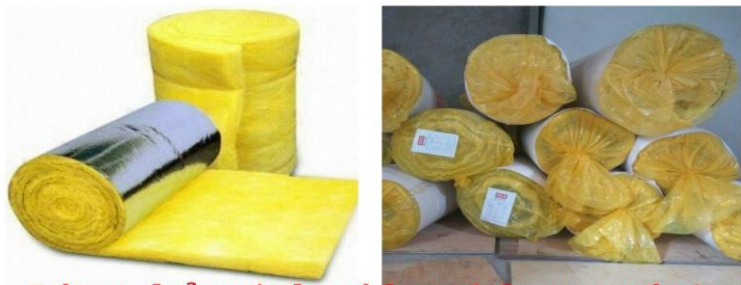
Bông thủy tinh có bạc ( dạng cuộn)
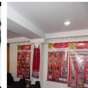
Semana Interculturalidad 2018 - RUSIA
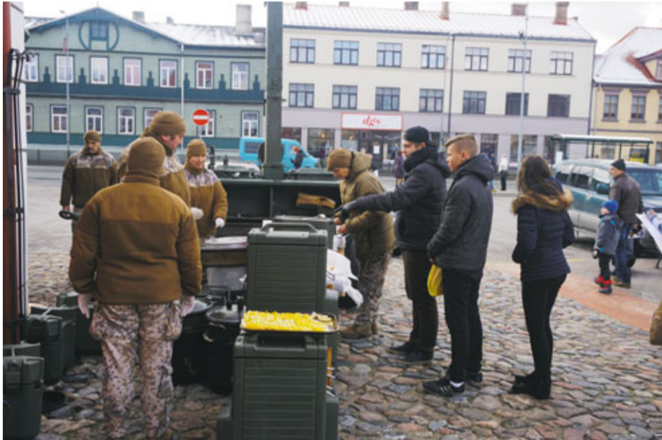
Bauskas Rātslaukumā jebkurš interesents varēja ne tikai aplūkot ieroču un tehnikas izstādi, bet arī baudīt lauka virtuves gardo ēdienu, kam bija īpaša piekrišana.

### EXERCISE REQUIREMENTS
Give the data again word for word, without pictures.

### RESPONSE
Bông thủy tinh có bạc ( dạng cuộn)
Semana Interculturalidad 2018 - RUSIA
Bauskas Rātslaukumā jebkurš interesents varēja ne tikai aplūkot ieroču un tehnikas izstādi, bet arī baudīt lauka virtuves gardo ēdienu, kam bija īpaša piekrišana.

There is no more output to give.